■ Exercise requirements
Each line below should be retyped exactly, with no pictures.

■ Stored data
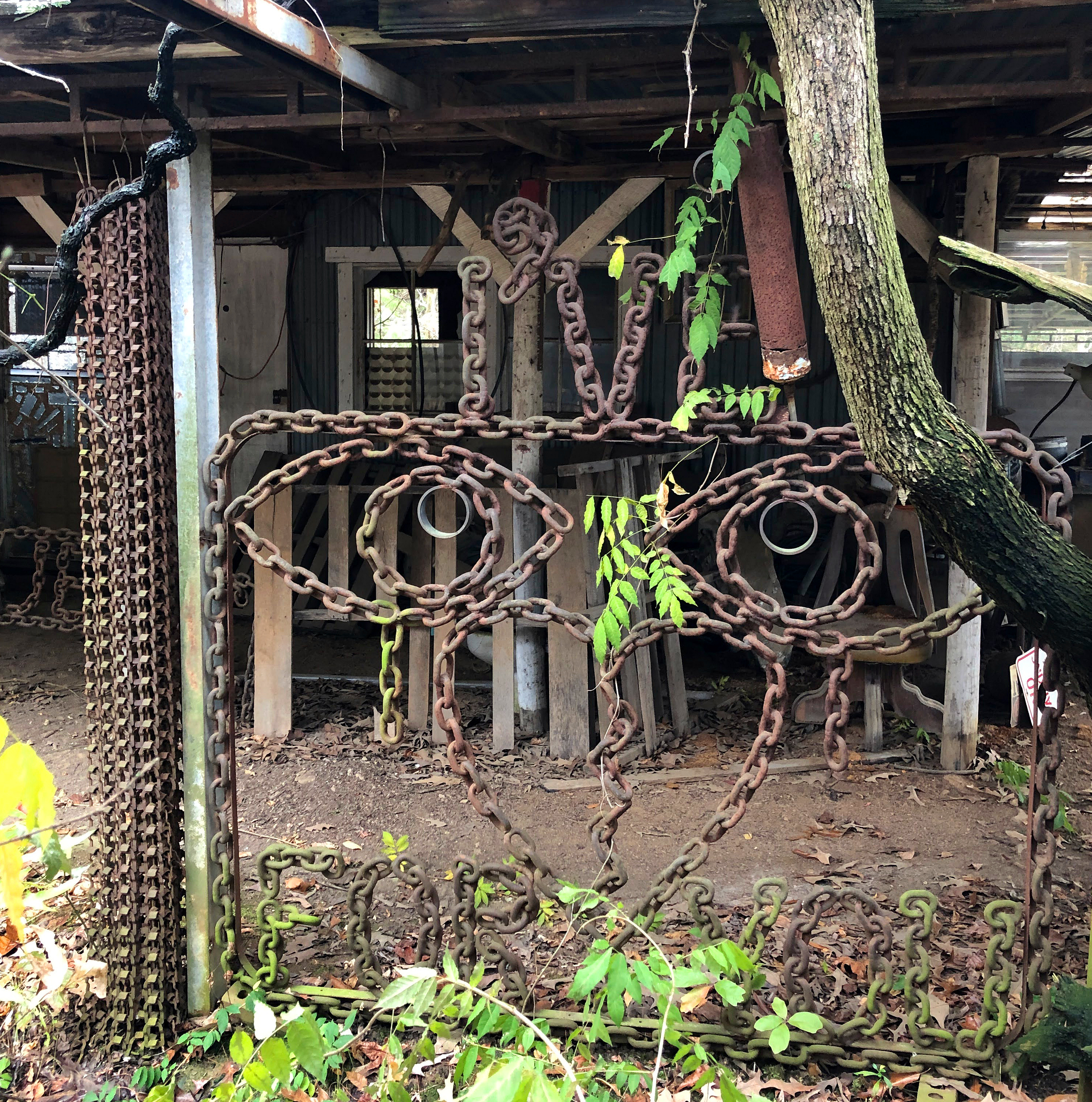 "By day Robert Wells (1949-2012) safely removes dangerous asbestos from construction, demolition and renovation sites; but nights and weekends he creates art objects of welded chains, railroad spikes and you-name-its. This is Robert Wells and that is some of his art, which you will see if you will but look east as you travel along highway 71 through Grannis. That's about midway between DeQueen and Mena.
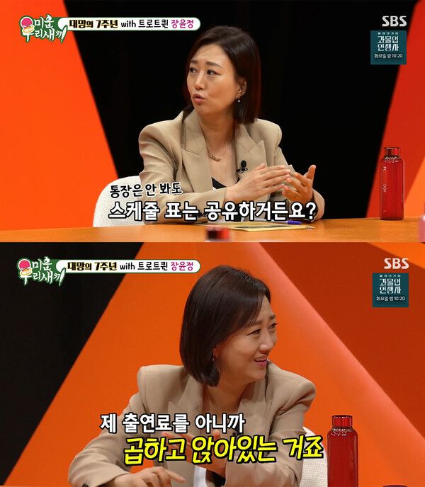 그러면서 출연료와 관련된 비화도 밝혔다. 장윤정은 "같이 한 프로그램에 출연한 적이 있는데 둘 사이에 출연료 차이가 있었던 거다. 그건 어쩔 수 없는 일인데도 내 마음이 불편하더라"라고 말했다.
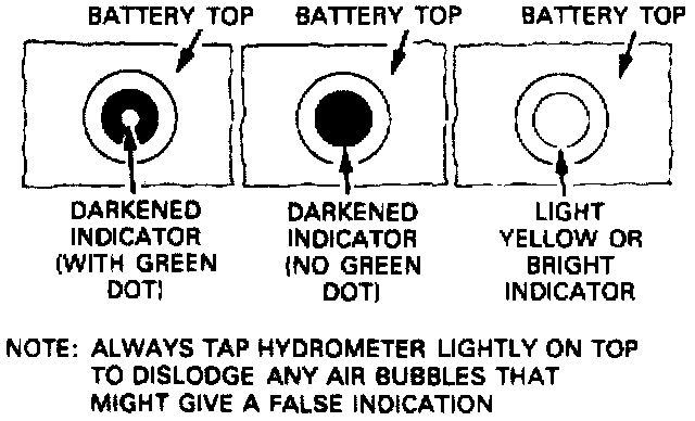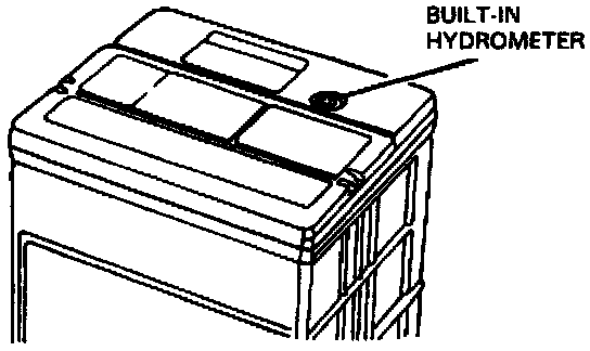 The sealed battery has a built-in temperature-compensated hydrometer (also known as "test indicator," "state of charge indicator," "dot," or "eye") in the top of the battery. Built-in hydrometers provide a "go/no go" indication of the battery state of charge, based on the specific gravity of the electrolyte. Use the hydrometer with the following diagnostic procedure.

■ Exercise output
 "By day Robert Wells (1949-2012) safely removes dangerous asbestos from construction, demolition and renovation sites; but nights and weekends he creates art objects of welded chains, railroad spikes and you-name-its. This is Robert Wells and that is some of his art, which you will see if you will but look east as you travel along highway 71 through Grannis. That's about midway between DeQueen and Mena.
 그러면서 출연료와 관련된 비화도 밝혔다. 장윤정은 "같이 한 프로그램에 출연한 적이 있는데 둘 사이에 출연료 차이가 있었던 거다. 그건 어쩔 수 없는 일인데도 내 마음이 불편하더라"라고 말했다.
 The sealed battery has a built-in temperature-compensated hydrometer (also known as "test indicator," "state of charge indicator," "dot," or "eye") in the top of the battery. Built-in hydrometers provide a "go/no go" indication of the battery state of charge, based on the specific gravity of the electrolyte. Use the hydrometer with the following diagnostic procedure.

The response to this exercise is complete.